Critically, pressure often (but not invariably) leads to increased anxiety. ACTS suggests the experience of anxiety is determined by whether or not a performer exhibits attentional and/or interpretational biases under competitive pressure. We would expect sportspersons to make more negative interpretations in high-pressure than in low-pressure situations, but the extent and impact of these biases will vary across individuals. An increased attentional bias might cause a performer to pay more attention to threat cues (e.g. difficult challenges ahead, errors they have made, good performance from an opponent) and an interpretive bias might cause a performer to interpret errors as having an impact on how they will perform subsequently. Both are likely to raise the level of competitive anxiety; ‘an unpleasant psychological state in reaction to perceived threat concerning the performance of a task under pressure’ (Cheng et al., 2009, p. 271).

Sportsmen and sportswomen who interpret pressure or competitive situations as non-threatening experience less anxiety and are generally more successful. Consider Walter Hagen, a golfer who won eleven major championships. He expected to make seven mistakes in his average round of golf and interpreted each mistake as follows: ‘When I make a bad shot, I don’t worry about it. I figure it’s just one of the seven.’

Nicholls et al. (2005) asked elite golfers to complete a daily diary. They reported many more stressors during an important competition than at other times, with the most common stressors being physical errors (29.5 per cent), mental errors (24 per cent) and observing an opponent playing well (13 per cent). We would predict that such threat interpretations should be related to inferior performance. Moore et al. (2013) examined the cognitive appraisals of experienced golfers prior to an important competition. Evaluating it as a challenge was associated with superior performance compared with evaluating it as a threat.

There is a further point. It has typically been assumed implicitly that attentional and interpretive biases are independent. However, some evidence indicates that cognitive biases can influence each other. White et al. (2011) found that using a training procedure to increase attentional bias led to increased interpretive bias. Amir et al. (2010) found that training to reduce interpretive bias reduced aspects of attentional bias.

Why is it important to consider interactions between attentional and interpretive biases? One implication is that a training intervention that eliminates one of these cognitive biases (attentional or interpretive) for threat-related stimuli in competitive situations should reduce the other bias even in the absence of training.

From a cognitive perspective, superior sport performance depends in part on the individual sportsperson not having an attentional bias or interpretive bias for threat-related stimuli or situations. More precisely, successful sportspersons may well have opposite cognitive biases (i.e. they attend less than most individuals to threat-related situations and interpret such situations in non-threatening ways). Opposite cognitive biases can be regarded as one specific form of cognitive coping strategy (cognitive processes designed to minimise or eliminate the negative effects of stressful events). These opposite cognitive biases facilitate performance because they reduce the amount of anxiety experienced in pressure situations. This increases the probability that the top-down attentional system will dominate over the bottom-up attentional system.

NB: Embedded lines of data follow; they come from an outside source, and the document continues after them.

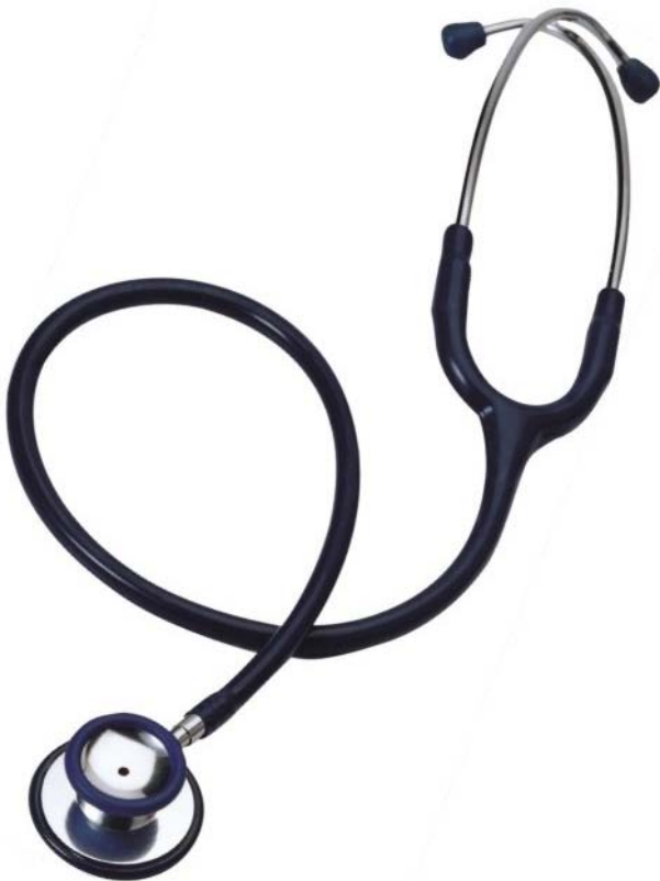
AC-521-00 Dual head stethoscope - Deluxe For adult, aluminum head with non-chill rings Standard tubing, Head diameter 47mm Special design binaural for suiting ear structure with inner spring binaural tubing assembly
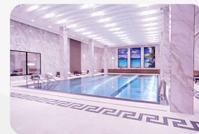
SWIMMING POOL & SAUNA
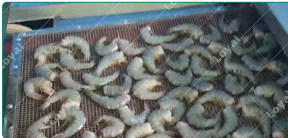
Applications Of Microwave Prawn Drying Machine:
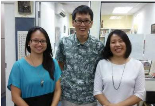
Visit by Mongolian missions leader studying at East Asia School of Theology
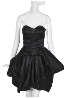
An Alexander McQueen black zibeline mini dress, 'Natural Distinction, Un-Natural Selection', commercial collection, Spring-Summer 2009 labelled , size 42, with an integral bustier and structured skirt, bust 84cm, 36in, waist 72cm, 28in Provenance: The Trino Verkade Collection £400-500
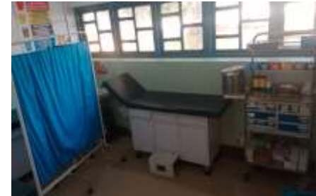
PHC Dansal, district Jammu
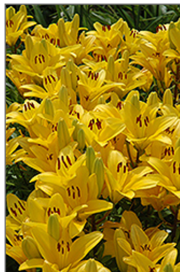
Gironde Lily flowers
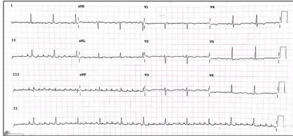
Figure 2: Initial ECG shows prominent “pseudo flutter” waves in inferior leads

hospitalization, she started having right-sided pleuritic chest pain. Cardiac monitor and rhythm strip suggested rhythm abnormality (Figure 1). Initial 12 lead ECG was interpreted as atrial flutter by the primary physician. (Figure 2).
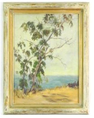
Lot # 139 139 Oil on canvas signed Jeanne Laurence 19 1/4" x 15 1/4", "Coastal Scene".
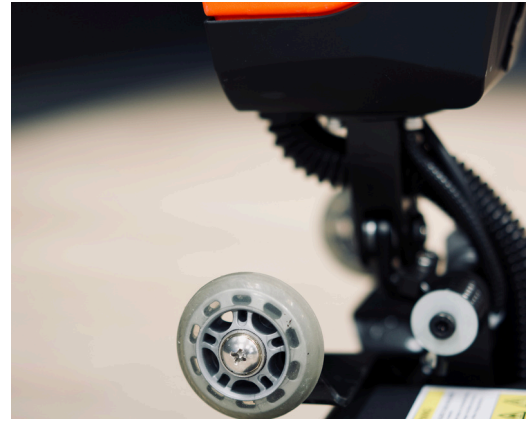
Makes transport easy
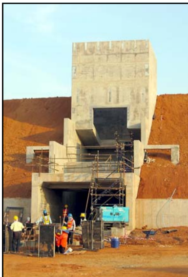
Primary Crusher (No.2) under construction

For the half year, unrealised non-cash foreign exchange losses on intercompany loans and costs associated with the two outstanding corporate transactions are expected to have an adverse impact of around A$13 million on the December 2010 half year profit.
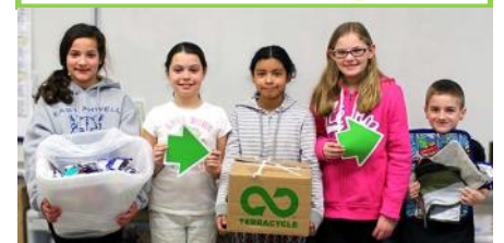
Above: Support our TerraCycle program!
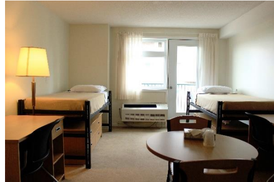
Friel Double Suite Style Room

Suite-style: Air-conditioned suite-style units include a bedroom with two single beds, a washroom with shower, kitchenette equipped with a mini-fridge and microwave, table and chairs. Please note kitchenware such as utensils and dishes are not provided. $45.00 per person plus applicable taxes.
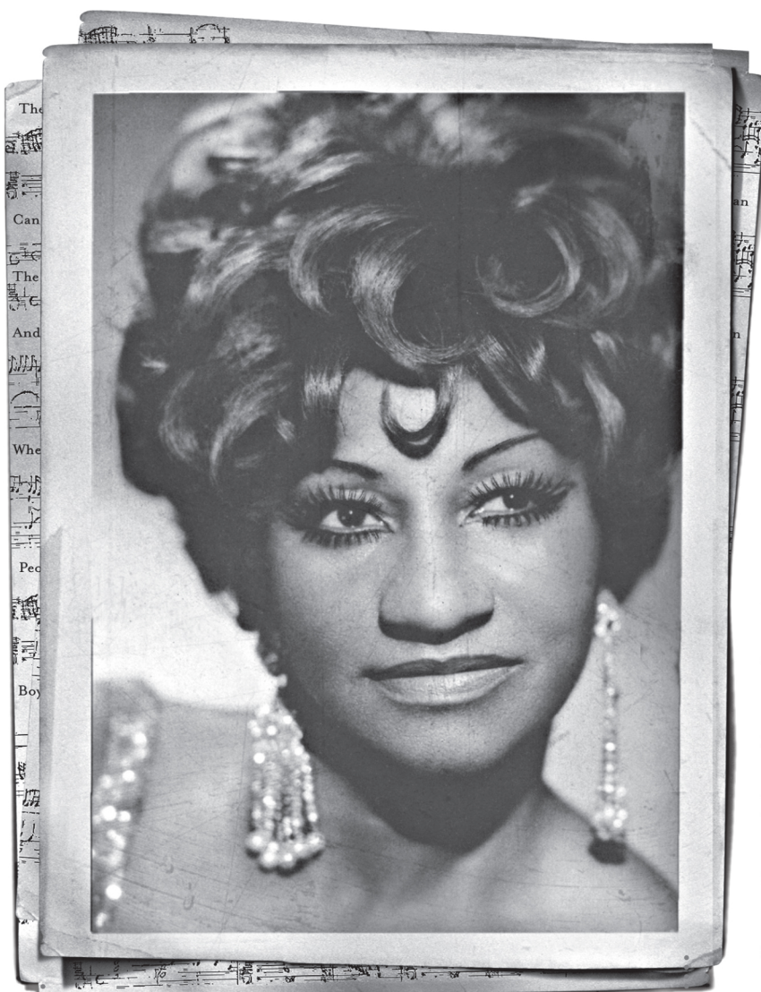
The undisputed Queen of Salsa. Funny, she doesn't look like a hot sauce.

to tourists who gave her shoes instead of money. She bounced around from school productions to talent shows to Cuba's Conservatory of Music. Finally, in 1950 she got her big break with La Sonora Matancera, the Latin equivalent of the Duke Ellington Orchestra. It was there where she honed her unique vocal style and proved that women could sell as many records as men.
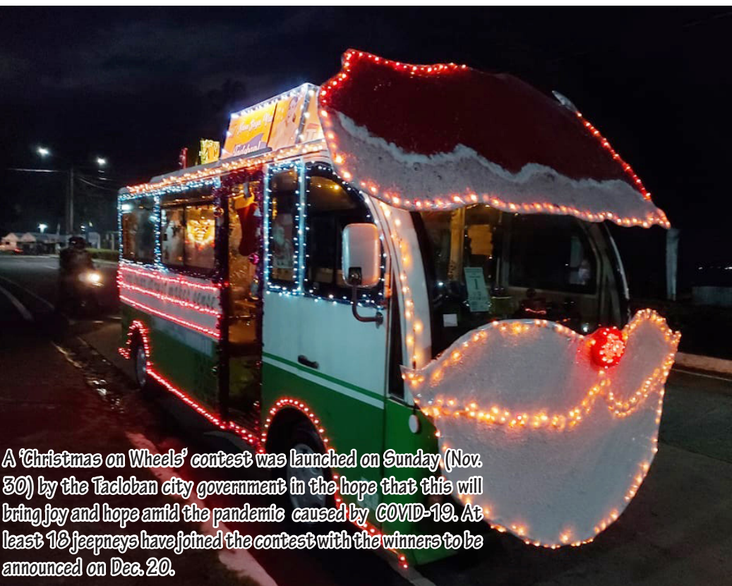
A 'Christmas on Wheels' contest was launched on Sunday (Nov. 30) by the Tacloban city government in the hope that this will bring joy and hope amid the pandemic caused by COVID-19. At least 10 jeepneys have joined the contest with the winners to be announced on Dec. 20.

TACLOBAN CITY- This city glimmers with Christmas spirit during the launching of the Christmas on Wheels Competition 2020 in partnership with TNT / PLDT/Smart Telecommunications, Inc.
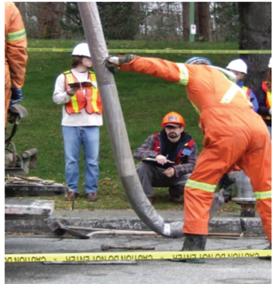
A SAMPLE BEING EXTRUDED INTO PLASTIC CORE BAG
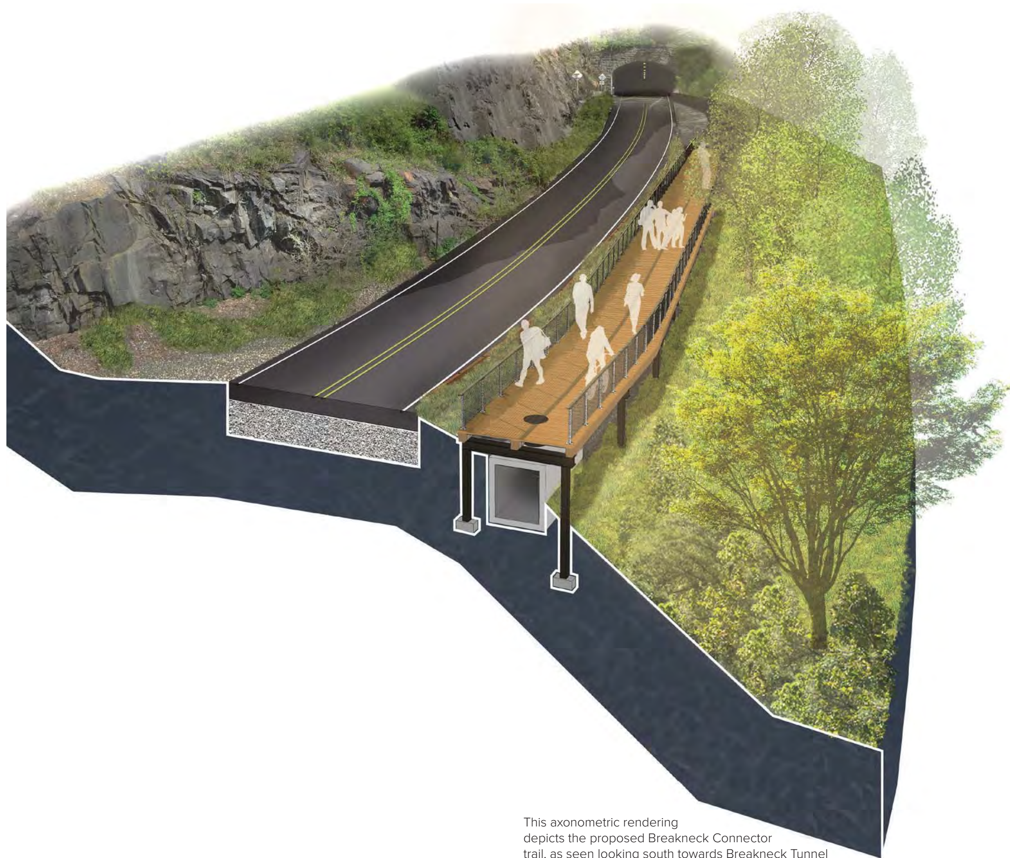
This axonometric rendering depicts the proposed Breakneck Connector trail, as seen looking south towards Breakneck Tunnel and trailhead. The long-term vision includes burying utilities underground. Occasional vaults with manhole access would be required for maintenance, as shown in the foreground.
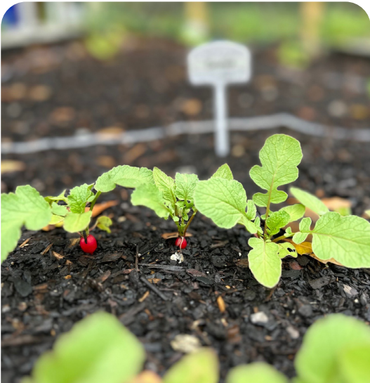
Our garden is growing potatoes, radishes, cucumbers, green onions and more.

The community garden features raised beds, a composting area and seating in the rear part of Barnabas Center’s property on Jasmine Street. It will provide a steady supply of fresh food to our food pantry and education in gardening skills, sustainable agriculture and healthy eating habits (in part with our diabetes self-management courses). It also serves as a therapeutic space fostering community collaboration.
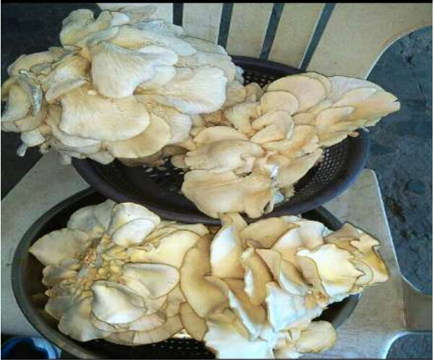
Mushroom production at Pachri village
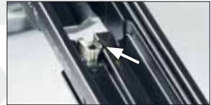
5.3.2 Fig. 1
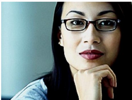
Monitor your credit. Manage your future. Equifax Complete™ Premier.
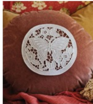
INS122-P8 Richelieu Butterfly
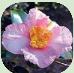
'Pink Dauphin' Pink
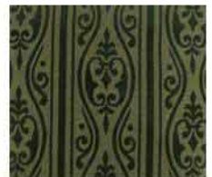
50101 Oregon Trail Coal (B) 53% Polyester 47% Olefin

All fabrics are photographically reproduced and cannot be guaranteed for accuracy
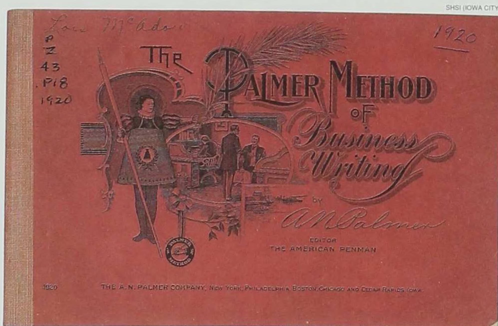
Palmer's "red books" became standard instruction manuals for his method of practical penmanship. Below: a few lessons.

Although Palmer used the magazine—renamed The American Penman in 1907—to promote his method,

We saw earlier that Moore et al. (2013) found that expert golfers with no interpretive bias for a forthcoming golf competition performed better than those having an interpretive bias. This study was limited in that the researchers did not allocate golfers to interpretive conditions at random. This limitation was not present in a second study by Moore et al. in the same article. In this study, experienced golfers randomly received challenge or threat instructions before a competitive golf putting task. The challenge group performed better, reported less anxiety, less conscious processing, and had longer quiet-eye durations (reflecting enhanced attentional control).

Hill et al. (2010) compared cognitive biases in elite golfers who frequently choked or excelled under pressure. Those who excelled had more positive cognitions than those who choked: they had increased perceived control, less evaluation apprehension and reduced performance expectations. In contrast, the golfers who choked were highly self-critical of poor performance, and experienced high evaluation apprehension, an inability to control their cognitions and high performance expectations.

Mesagno and Marchant (2013) studied netball shots under low and high pressure with follow-up interviews. Those who excelled had task-focused attention and avoidance cognitive coping strategies (e.g. blocking out distractions and the video cameras; positive self-talk). In contrast, chokers had emotion-focused attention and approach-cognitive coping strategies.

Brooks (2014) argued that how individuals interpret their anxiety in pressured situations is also important. Participants in such situations were instructed to try to calm down or to reappraise their anxiety as excitement. Participants who reappraised anxiety as excitement performed much better.

Other research has focused on different aspects of the interpretation of anxious symptoms. Hanton et al. (2004) conducted semi-structured interviews with elite athletes. When low in self-confidence, they indicated that increased competitive anxiety was perceived as beyond their ability to control and as having a negative effect on performance. When high in self-confidence, in contrast, they felt that increased competitive anxiety could be controlled and was facilitative of performance.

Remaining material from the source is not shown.